Table 1 shows the mean of accuracy for the subject-wise three-fold cross-validation when classifying six activities with raw data as input. This table summarizes the experiments performed including different configurations of the network. The kernel size of each layer is indicated in the table. For example, the configuration that obtains the best results (95.28%) uses two convolutional layers and two max-pooling layers: the first convolutional kernel has (1,15) size and its corresponding pooling kernel has (1,8) size while the second convolutional kernel has (1,10) size and its corresponding pooling kernel has (1,5) size.

Table 2 shows the mean of accuracy for the subject-wise three-fold cross-validation when classifying six activities with the FFT module as input. This table summarizes the experiments performed including different configurations of the network. The configuration that obtained better results (94.19%) used a convolutional layer and a max-pooling layer: the convolutional kernel has (3,6) size and its corresponding pooling kernel has (1,3) size.

These results are considerably better than those reported in a previous work [11] using Support Vector Machines (SVMs): 86.33% of accuracy.

During this work, we decided to perform experiments for different types of movements. First, we classified among the four dynamic activities in the dataset (walking downstairs, walking upstairs, walking and jogging) using both raw data and the FFT module as input. Results show that the system provides 88.18% of accuracy using raw data input and 90.14% of accuracy when the FFT module is used.

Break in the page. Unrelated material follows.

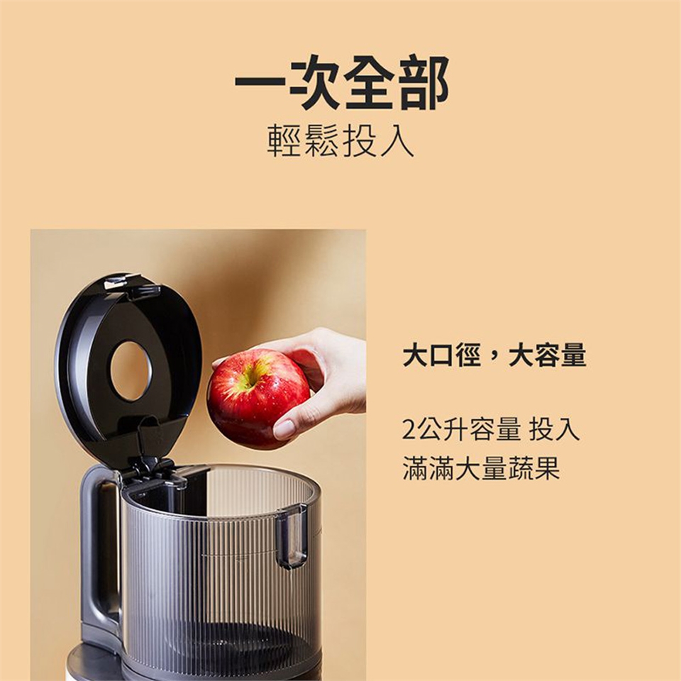 ◆ 140mm大口徑,蔬果不用切直接投入。

The same experiments were performed over static activities (sitting and standing) but there were no significant differences in the results.

4. Discussion

Results obtained in the previous section validate the use of CNNs for feature extraction and activity classification comparing to SVMs technique used in previous work.

Results suggest that decreasing the kernel size in consecutive convolutional layers and halving this size to pooling kernels allows extracting relevant information from signals in the deep neural network.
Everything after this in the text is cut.